Objective Infrared image technology is capable of working in low-light and adverse weather conditions. Infrared vehicle detection technology is designed to use infrared sensors to monitor vehicles on roads, enabling the collection and analysis of information related to vehicle quantity and speed, which can be used to achieve traffic management and safety control. This technology can be applied not only to road vehicles, but also to rail transport, airports, and ports, providing effective technical support for the safety and convenience of the transportation industries. However, infrared vehicle detection still faces many challenges due to the low resolution, low contrast, and blurred edges of small targets in infrared images. Traditional hand-crafted image feature extraction methods are not adaptable nor robust, require substantial prior knowledge and have low efficiency. Therefore, this paper aims to explore deep learning-based vehicle detection models, which plays an important role in traffic regulation.

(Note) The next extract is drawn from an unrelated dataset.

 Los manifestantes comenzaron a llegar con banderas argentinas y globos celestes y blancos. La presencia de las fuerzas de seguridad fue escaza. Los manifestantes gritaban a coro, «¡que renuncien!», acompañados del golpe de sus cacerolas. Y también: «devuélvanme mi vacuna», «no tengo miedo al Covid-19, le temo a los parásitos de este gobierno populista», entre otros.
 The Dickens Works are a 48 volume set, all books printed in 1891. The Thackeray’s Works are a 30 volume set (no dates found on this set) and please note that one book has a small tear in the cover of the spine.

Methods YOLOv5 is a one-stage object detection algorithm that is characterized by its lightweight design, ease of deployment, and high accuracy, making it widely used in industrial applications. In this paper, a CFG mixed attention mechanism (Fig.2) is introduced into the model backbone to help the model better locate the vehicle area in the image and improve its feature extraction ability, due to the low resolution of infrared images. In the feature fusion part, an improved Z-BiFPN structure (Fig.5) is proposed to incorporate more information in the shallow fusion, thereby improving the utilization of shallow information. A small object detection layer is added, and the Decoupled Head (Fig.6) is used to separate classification and regression, improving the model's ability to detect small target vehicles.

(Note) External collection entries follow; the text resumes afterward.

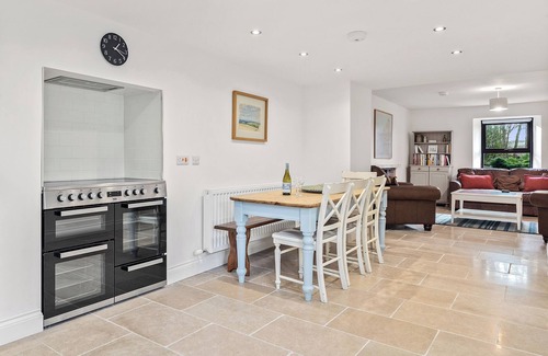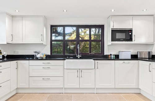 Bathroom: Bath, Cubicle Shower, Toilet. Electric central heating included May-September (£50 per week October-April). Electricity, bed linen, towels and Wi-Fi included. Initial logs for wood burners included. Cot and highchair. Garden and patio with garden furniture and barbecue. Private parking for 4 cars. No smoking.. Morfa Ganol is a stunning character farmhouse, set in an idyllic rural setting, near the coast, sleeping 11, with Wi-Fi, wood burner and private parking. Step inside the entrance hall, with its original tiled floor, and feel the warmth and character of this beautiful holiday home. Tastefully decorated throughout, the spacious living room offers a tranquil haven from the hustle and bustle of everyday life. The beamed dining room has a feature inglenook, original bread oven alcove and stone floor, offering the perfect space for entertaining family and friends spending precious time together. Relax in the second living room and conservatory which offers ideal accommodation for larger groups and families, space for the children to play or for quiet, blissful time out. Enjoy a leisurely holiday cooking in the spacious, well-equipped farmhouse kitchen/ breakfast room with modern appliances.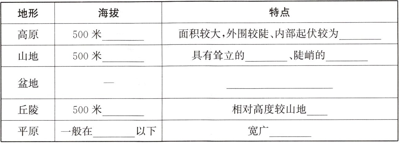 (1) 分类:陆地表面的地形类型有山地、丘陵、高原、平原和盆地五种。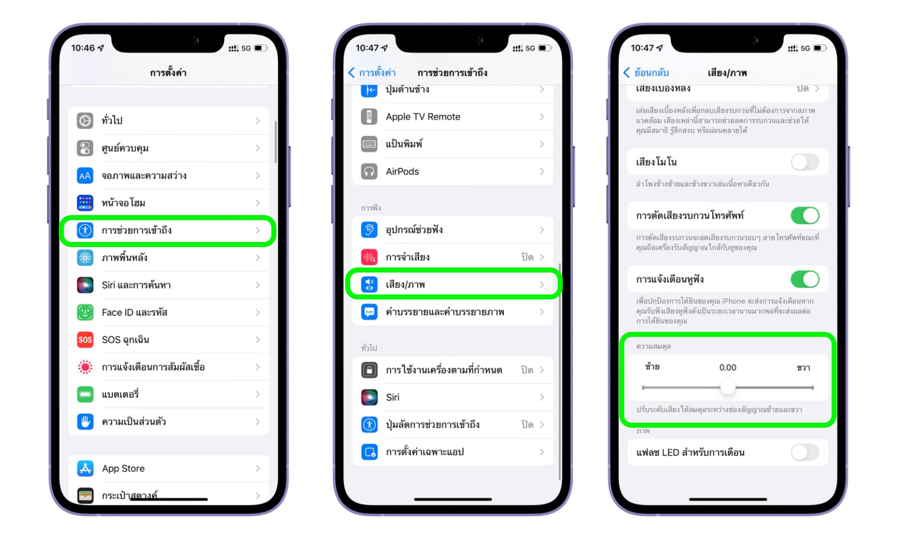 เข้าไปที่ การตั้งค่า > การช่วยการเข้าถึง > เสียง/ภาพ > ที่เมนู ความสมดุล ให้ลากตัวเลื่อนไปทางซ้ายหรือขวาเพื่อให้เสียงข้างที่เราต้องการดังขึ้น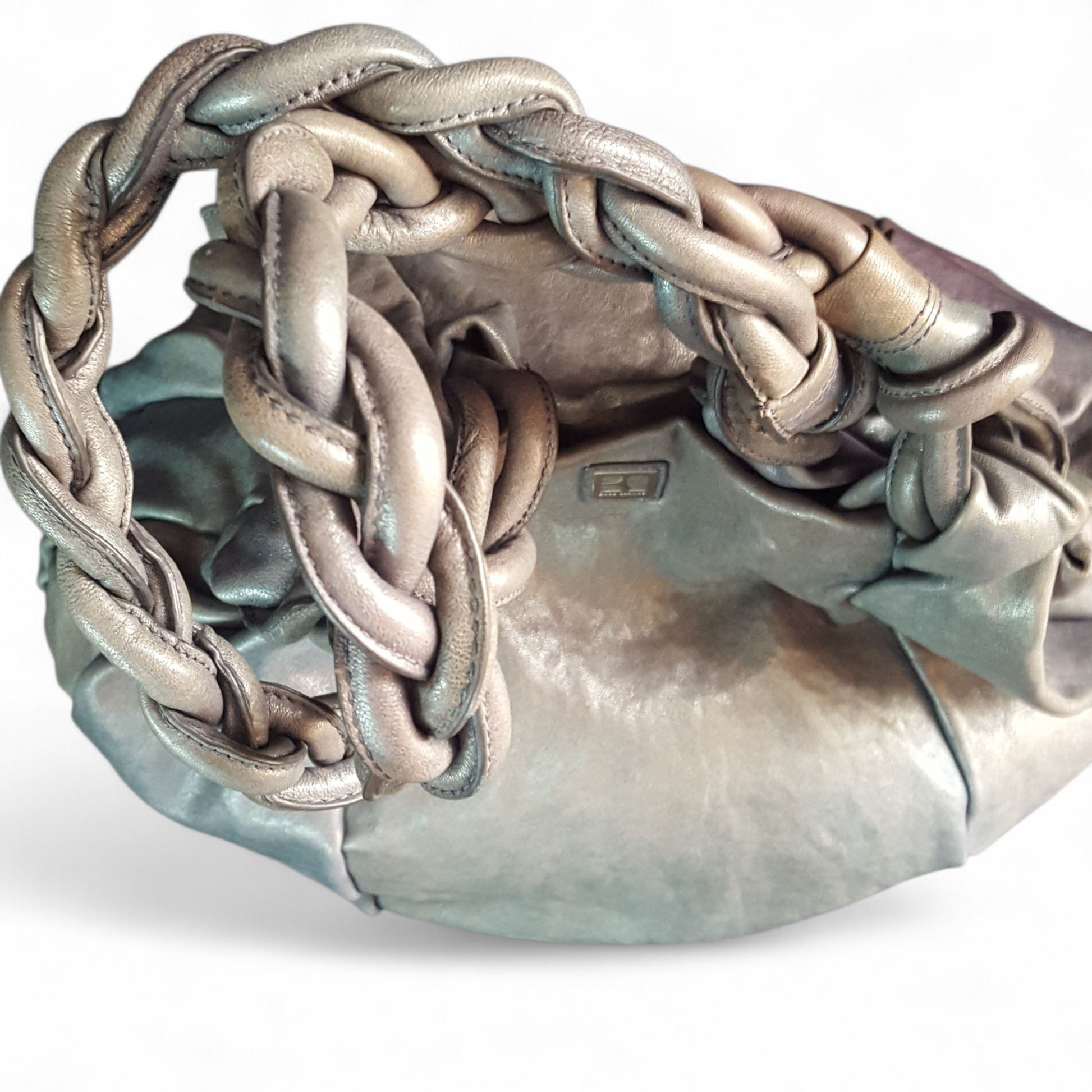 Large pearlescent, braided handle sloucy leather hobo. In excellent preloved condition.

Results and Discussions In order to improve the model's generalization ability, an infrared image dataset INFrared-417 (Fig.7) consisting of seven categories of bus, truck, car, van, person, bicycle and elecmot, was constructed by collecting data and combining existing infrared datasets. The main evaluation metrics used were AP (Average Precision) and mAP (mean Average Precision), with P (Precision) and R (Recall) as secondary metrics for the experiments. The ablation experiment results (Tab.1) confirmed the effectiveness and feasibility of the proposed improvement methods, with mAP improving by 4.0%, and AP significantly improving for the van, person, and bicycle categories, while P increased by 1.7% and R increased by 3.6%. In addition, the comparison results (Fig.10) demonstrated that the improved model reduced false alarm and missed detection rates, while improving the detection of small targets. The comparison experiment results (Tab.2) also showed that the proposed improved model had excellent performance in terms of detection accuracy and model parameter count.

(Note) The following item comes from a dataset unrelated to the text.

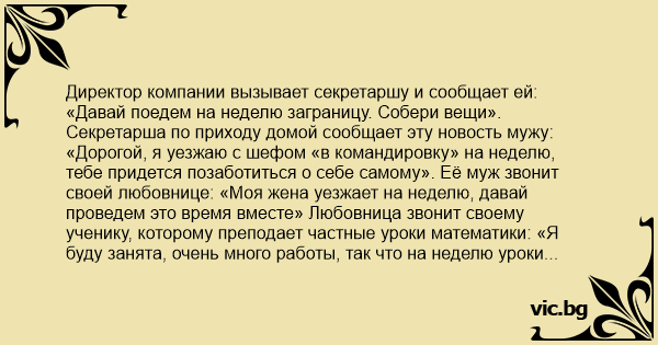 Секретарша по приходу домой сообщает эту новость мужу: «Дорогой, я уезжаю с шефом «в командировку» на неделю, тебе придется позаботиться о себе самому». Её муж звонит своей любовнице: «Моя жена уезжает на неделю, давай проведем это время вместе» Любовница звонит своему ученику, которому преподает частные уроки математики: «Я буду занята, очень много работы, так что на неделю уроки отменяются».. Довольный мальчик звонит своему дедушке: «Дедуль, у меня всю неделю не будет занятий, т..к. учительница будет занята. Давай проведем всю неделю вместе». Дедушка (директор компании) снова звонит своей секретарше: «На этой неделе внук просит провести с ним время. Поездка отменяется. Поедем позже» Секретарша звонит своему мужу и говорит: «Шеф занят на этой неделе, мы отложили командировку» Муж звонит любовнице: «Не получится на этой неделе встретиться, жена отменила поездку» Любовница звонит ученику: «Занятия на этой неделе будут как обычно» Ученик звонит дедушке: «Дедуль, учительница говорит, что на этой неделе уроки будут как обычно. Я не смогу составить тебе компанию» Дедушка звонит своей секретарше: «Не беспокойся, мы поедем на этой неделе. Собирай вещи»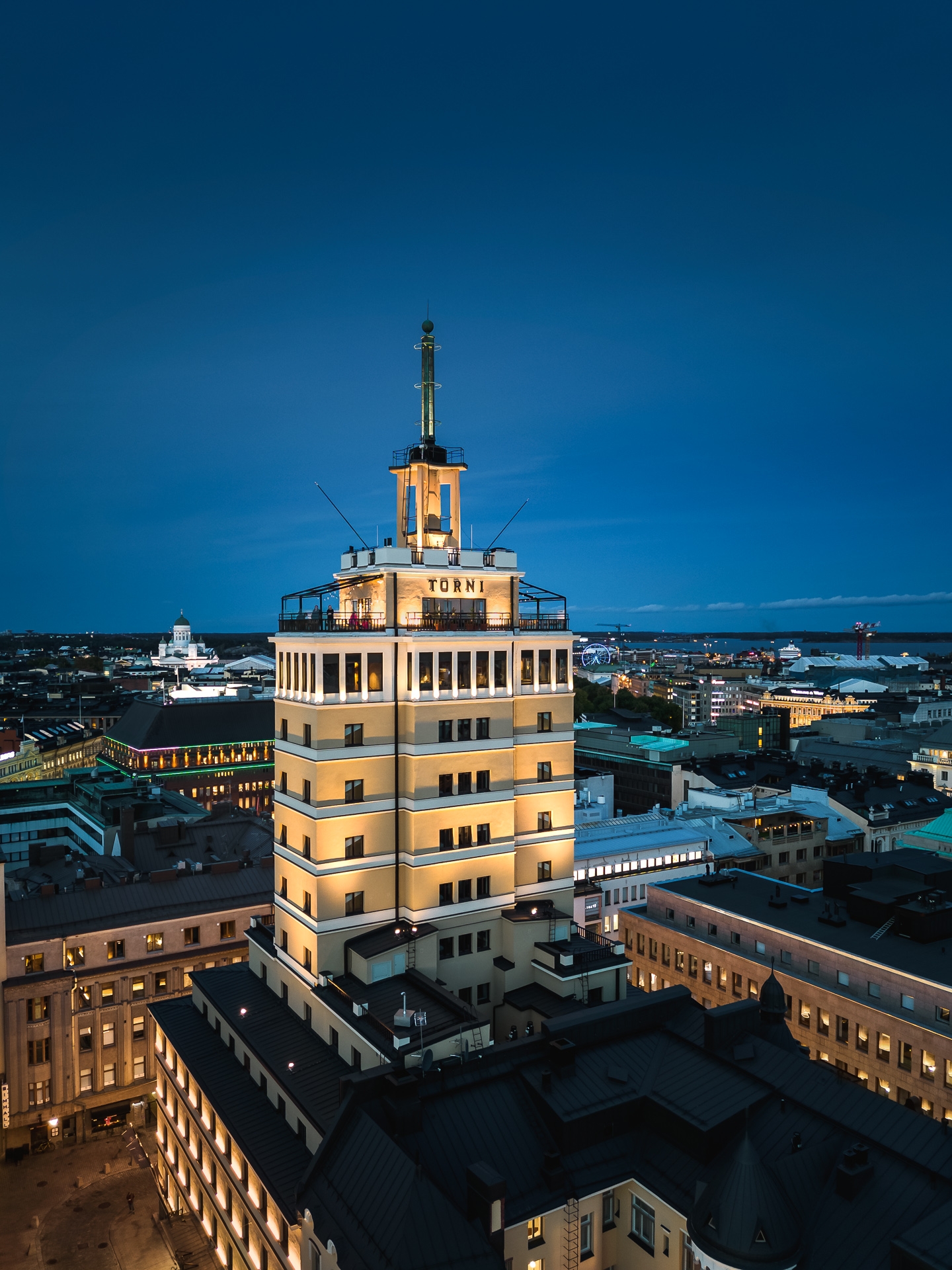 Opened originally in 1931, Hotel Torni was the tallest building in Helsinki and a skyscraper of its time. It is still one of the tallest buildings in Finland. The hotel also includes a former residential building property, Kyllikki, which was added to the hotel in the 1980s. The buildings are historically significant and prominent in Helsinki's cityscape. The renovated hotel opened in the spring of 2022.

Conclusions This paper proposes an improved infrared vehicle detection algorithm. By introducing the mixed attention mechanism, the model is able to better focus on the vehicle region in the image and enhance its feature extraction ability. The improved Z-BiFPN is used in the model neck to efficiently integrate context information. At the same time, the detection head is replaced with a more advanced Decoupled Head to improve the detection ability, and a small object detection layer is added to improve the ability to capture small targets. It is hoped that this model can be applied in traffic control.